Completed with 1 error and 0 warnings:
Database Error in model customers (models/customers.sql)
Syntax error: Expected ")" but got identifier `grand-highway-265418` at [13:15]
compiled SQL at target/run/jaffle_shop/customers.sql
Done. PASS=0 WARN=0 ERROR=1 SKIP=0 TOTAL=1

Any models downstream of this model will also be skipped. Use the error message and the compiled SQL to debug any errors.

#34. How should I structure my project?

There's no one best way to structure a project! Every organization is unique.

If you're just getting started, check out how we (Fishtown Analytics) structure our dbt projects.

#35. What should I name my target?

We typically use targets to differentiate between development and production runs of dbt, naming the targets dev and prod respectively. Check out the docs on managing environments for more information.

#36. How do I test one model at a time?

Running tests on one model looks very similar to running a model: use the --models flag (or -m flag), followed by the name of the model:

dbt test --models customers

Check out the model selection syntax documentation for more operators and examples.

#37. How do I test and document seeds?

To test and document seeds, use a schema file and nest the configurations under a seeds: key

Example:

data/schema.yml
version: 2
seeds:
- name: country_codes
description: A mapping of two letter country codes to country names
columns:
- name: country_code
tests:
- unique
- not_null
- name: country_name
tests:
- unique
- not_null

#38. Do model names need to be unique?

Yes! To build dependencies between models, you need to use the ref function. The ref function only takes one argument — the model name (i.e. the filename). As a result, these model names need to be unique, even if they are in distinct folders.

Often, this question comes up because users want to give two models the same name in their warehouse, splitting them across separate schemas (e.g. stripe.users and app.users).
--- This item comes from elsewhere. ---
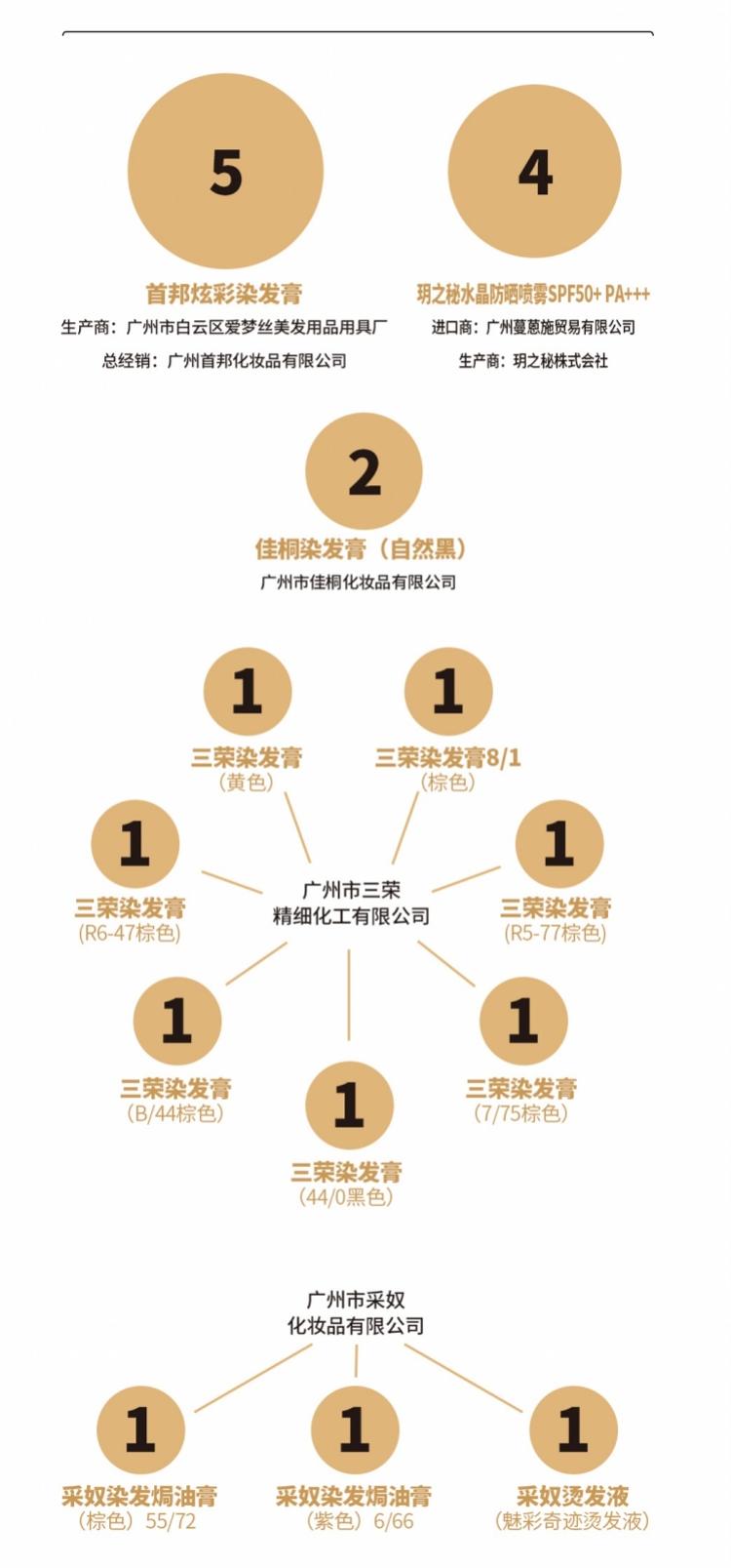 上述假冒化妝品中,36批次為染發(fā)膏,占比超七成。主要包括:標(biāo)示廣州楚顏化妝品有限公司生產(chǎn)的“楚顏專業(yè)染發(fā)焗油膏棕色(巧克力色)”、“楚顏專業(yè)染發(fā)焗油膏(黑色)‘’;標(biāo)示廣州市漢邦化妝品有限公司生產(chǎn)的“昌義漢邦染發(fā)膏(自然黑色)”、”漢邦染發(fā)膏(咖啡色5.75)“;標(biāo)示廣州市采奴化妝品有限公司生產(chǎn)的“采奴染發(fā)焗油膏(棕色)55/72“、”采奴染發(fā)焗油膏(紫色)6/66”;還有標(biāo)示廣州市三榮精細(xì)化工有限公司生產(chǎn)的7批次三榮染發(fā)膏,分別為黃色、8/1棕色、R6-47棕色、R5-77棕色、B/44棕色、7/75棕色、44/0黑色;標(biāo)示“生產(chǎn)商:廣州市白云區(qū)愛夢(mèng)絲美發(fā)用品用具廠,總經(jīng)銷:廣州首邦化妝品有限公司“的5批次首邦炫彩染發(fā)膏(自然黑、板栗色);標(biāo)示廣州市佳桐化妝品有限公司生產(chǎn)的2批次佳桐染發(fā)膏(自然黑)等。

Checkout the docs on custom aliases and custom schemas to achieve this.

#39. I got an "unused model configurations" error message, what does this mean?

You might have forgotten to nest your configurations under your project name, or you might be trying to apply configurations to a directory that doesn't exist. Check out this article to understand more.

#40. When should I run my tests?

You should run your tests whenever you are writing new code (to ensure you haven't broken any existing models by changing SQL), and whenever you run your transformations in production (to ensure that your assumptions about your source data are still valid).

#41. Which materialization should I use for my model?

Start out with views, and then change models to tables when required for performance reasons (i.e. downstream queries have slowed).

Check out the docs on materializations for advice on when to use each materialization.

#42. How did dbt choose which schema to build my models in?

By default, dbt builds models in your target schema. To change your target schema:

  • If you're developing in dbt Cloud, these are set for each user when you first use a development environment.
  • If you're developing with the dbt CLI, this is the schema: parameter in your profiles.yml file.

If you wish to split your models across multiple schemas, check out the docs on using custom schemas

Note: on BigQuery, dataset is used interchangeably with schema.